◆ Task item:
Take the listing below and print exactly the lines starting at the line containing "Sa matière en" and ending at the line containing "お子さま達は丸いオーナメント", both ends included, and no others.

◆ Supplied data:
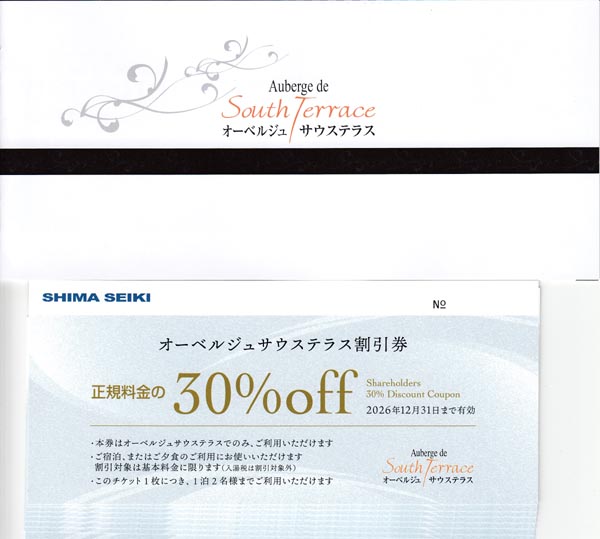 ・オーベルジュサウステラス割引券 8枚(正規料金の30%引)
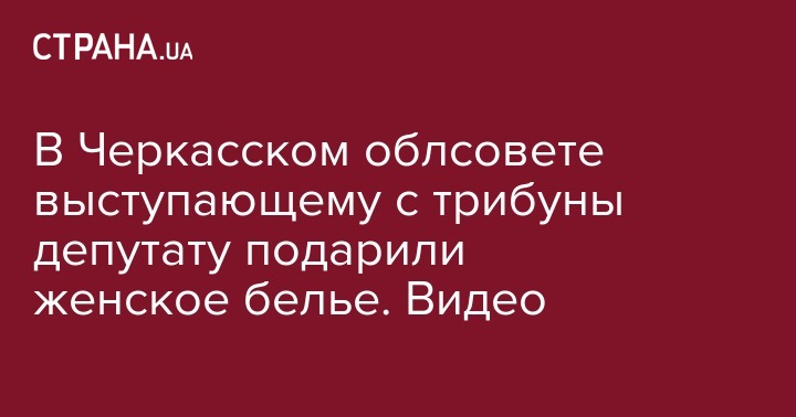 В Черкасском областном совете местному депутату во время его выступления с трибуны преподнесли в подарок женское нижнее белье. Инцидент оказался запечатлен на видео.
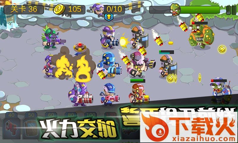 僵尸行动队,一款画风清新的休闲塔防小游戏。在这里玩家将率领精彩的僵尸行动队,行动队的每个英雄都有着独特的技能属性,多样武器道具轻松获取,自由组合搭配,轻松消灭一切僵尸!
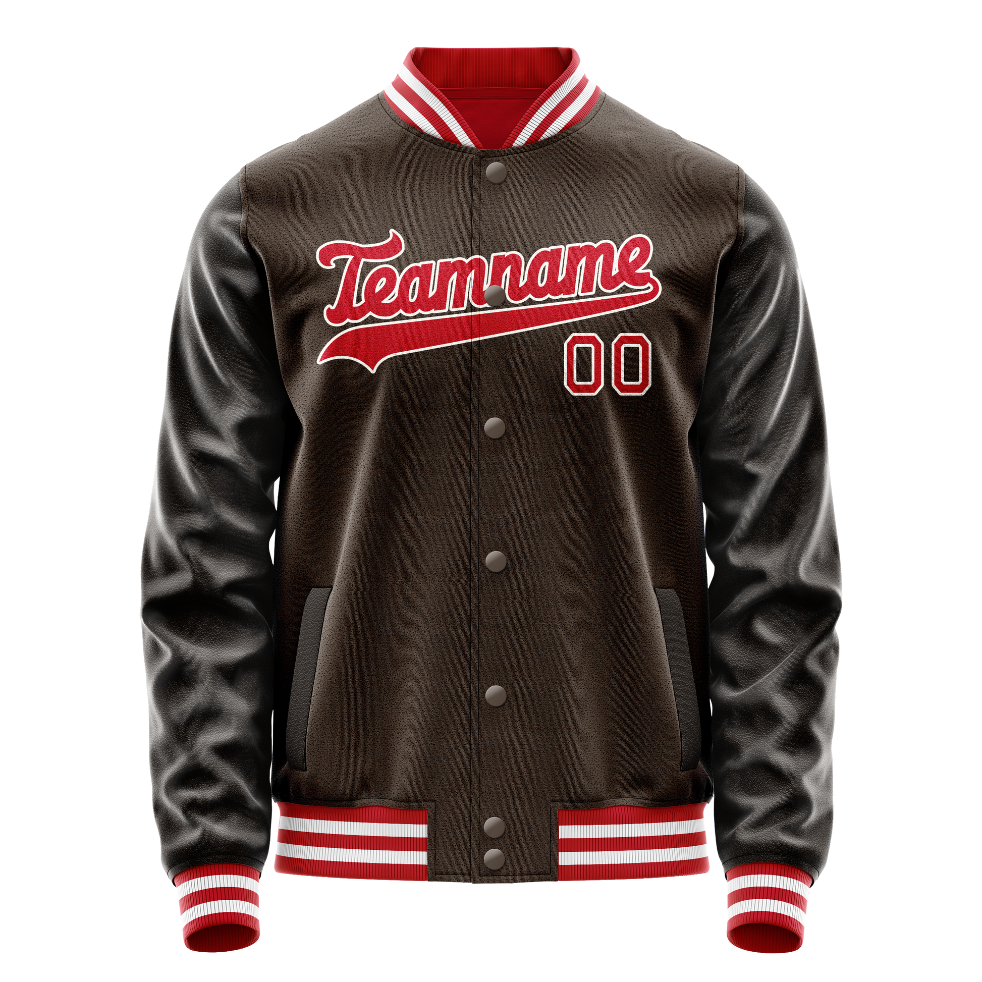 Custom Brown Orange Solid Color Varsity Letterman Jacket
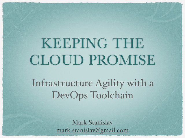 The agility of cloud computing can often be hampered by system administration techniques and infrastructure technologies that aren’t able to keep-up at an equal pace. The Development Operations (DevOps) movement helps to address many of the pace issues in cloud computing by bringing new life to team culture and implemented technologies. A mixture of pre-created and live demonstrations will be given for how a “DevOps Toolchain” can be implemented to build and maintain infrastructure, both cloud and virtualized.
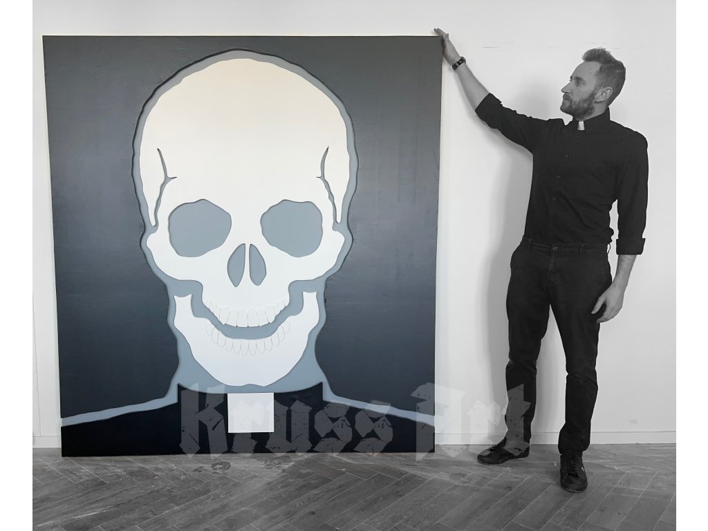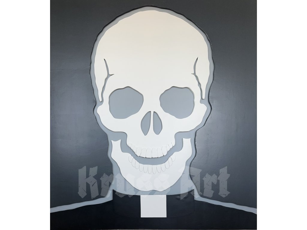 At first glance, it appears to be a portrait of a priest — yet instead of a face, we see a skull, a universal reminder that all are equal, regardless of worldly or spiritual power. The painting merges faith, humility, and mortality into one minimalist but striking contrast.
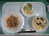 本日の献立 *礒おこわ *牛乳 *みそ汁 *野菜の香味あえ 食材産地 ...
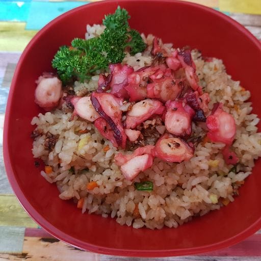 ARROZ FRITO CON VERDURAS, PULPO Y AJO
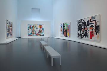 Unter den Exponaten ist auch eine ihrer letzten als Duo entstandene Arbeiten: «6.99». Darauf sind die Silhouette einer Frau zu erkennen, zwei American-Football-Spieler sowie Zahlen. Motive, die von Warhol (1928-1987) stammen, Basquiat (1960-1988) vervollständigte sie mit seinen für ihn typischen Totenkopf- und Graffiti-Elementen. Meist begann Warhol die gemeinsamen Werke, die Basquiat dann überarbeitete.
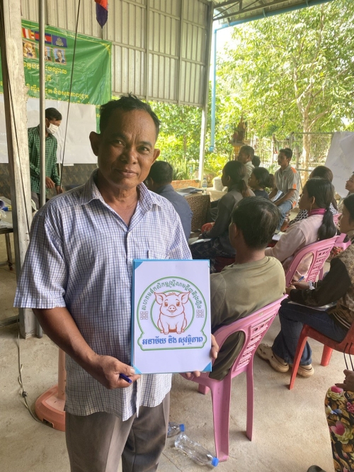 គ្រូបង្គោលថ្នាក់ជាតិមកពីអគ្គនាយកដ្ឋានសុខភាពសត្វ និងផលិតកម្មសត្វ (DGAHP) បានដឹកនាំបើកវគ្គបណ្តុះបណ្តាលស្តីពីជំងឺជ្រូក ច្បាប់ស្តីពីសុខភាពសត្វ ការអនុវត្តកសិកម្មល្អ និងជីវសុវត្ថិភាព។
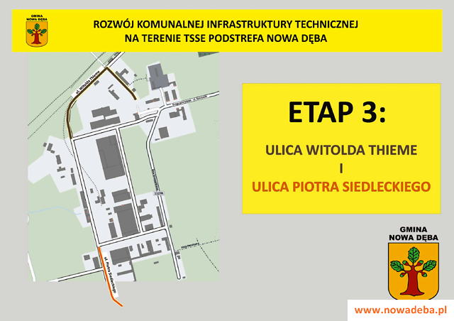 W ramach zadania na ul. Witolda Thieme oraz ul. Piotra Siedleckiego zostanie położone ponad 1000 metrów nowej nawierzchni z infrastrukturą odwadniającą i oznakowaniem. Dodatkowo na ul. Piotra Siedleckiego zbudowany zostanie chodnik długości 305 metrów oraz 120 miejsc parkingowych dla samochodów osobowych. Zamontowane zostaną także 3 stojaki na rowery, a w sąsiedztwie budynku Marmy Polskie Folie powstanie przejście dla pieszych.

==

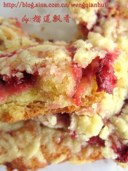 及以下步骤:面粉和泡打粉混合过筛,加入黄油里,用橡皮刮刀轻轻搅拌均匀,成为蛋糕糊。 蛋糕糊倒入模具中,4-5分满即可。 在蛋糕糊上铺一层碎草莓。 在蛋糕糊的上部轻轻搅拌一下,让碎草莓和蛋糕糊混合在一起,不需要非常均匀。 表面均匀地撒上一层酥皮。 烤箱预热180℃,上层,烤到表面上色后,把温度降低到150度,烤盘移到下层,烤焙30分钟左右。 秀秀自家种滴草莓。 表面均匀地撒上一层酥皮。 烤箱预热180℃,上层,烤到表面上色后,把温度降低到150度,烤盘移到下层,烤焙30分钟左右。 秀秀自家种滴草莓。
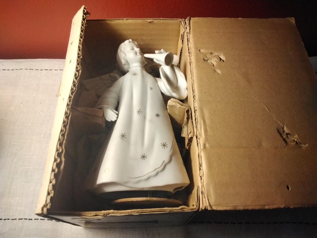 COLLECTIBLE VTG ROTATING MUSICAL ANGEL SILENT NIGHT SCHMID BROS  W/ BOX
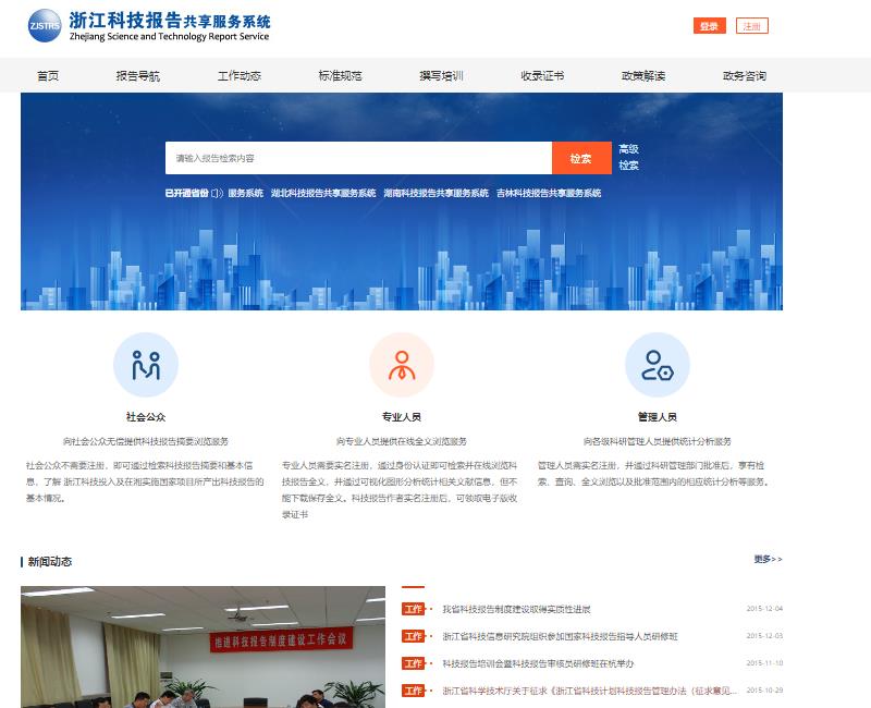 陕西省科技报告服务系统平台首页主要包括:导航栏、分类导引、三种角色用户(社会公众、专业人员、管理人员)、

---

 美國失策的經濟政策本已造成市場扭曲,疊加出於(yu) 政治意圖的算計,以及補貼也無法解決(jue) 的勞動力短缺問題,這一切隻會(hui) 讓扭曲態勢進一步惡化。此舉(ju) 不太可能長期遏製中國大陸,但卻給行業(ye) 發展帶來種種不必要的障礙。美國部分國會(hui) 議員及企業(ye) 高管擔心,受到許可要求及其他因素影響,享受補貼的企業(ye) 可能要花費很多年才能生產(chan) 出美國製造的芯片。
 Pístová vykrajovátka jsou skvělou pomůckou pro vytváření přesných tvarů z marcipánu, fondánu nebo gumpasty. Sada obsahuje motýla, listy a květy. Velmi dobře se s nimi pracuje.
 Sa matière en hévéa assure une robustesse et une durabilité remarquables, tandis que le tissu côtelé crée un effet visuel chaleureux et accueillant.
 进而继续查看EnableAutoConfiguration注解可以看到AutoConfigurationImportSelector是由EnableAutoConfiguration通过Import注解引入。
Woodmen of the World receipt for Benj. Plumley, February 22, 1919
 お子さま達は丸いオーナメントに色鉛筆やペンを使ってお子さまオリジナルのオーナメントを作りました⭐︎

◆ Answer area:
 Sa matière en hévéa assure une robustesse et une durabilité remarquables, tandis que le tissu côtelé crée un effet visuel chaleureux et accueillant.
 进而继续查看EnableAutoConfiguration注解可以看到AutoConfigurationImportSelector是由EnableAutoConfiguration通过Import注解引入。
Woodmen of the World receipt for Benj. Plumley, February 22, 1919
 お子さま達は丸いオーナメントに色鉛筆やペンを使ってお子さまオリジナルのオーナメントを作りました⭐︎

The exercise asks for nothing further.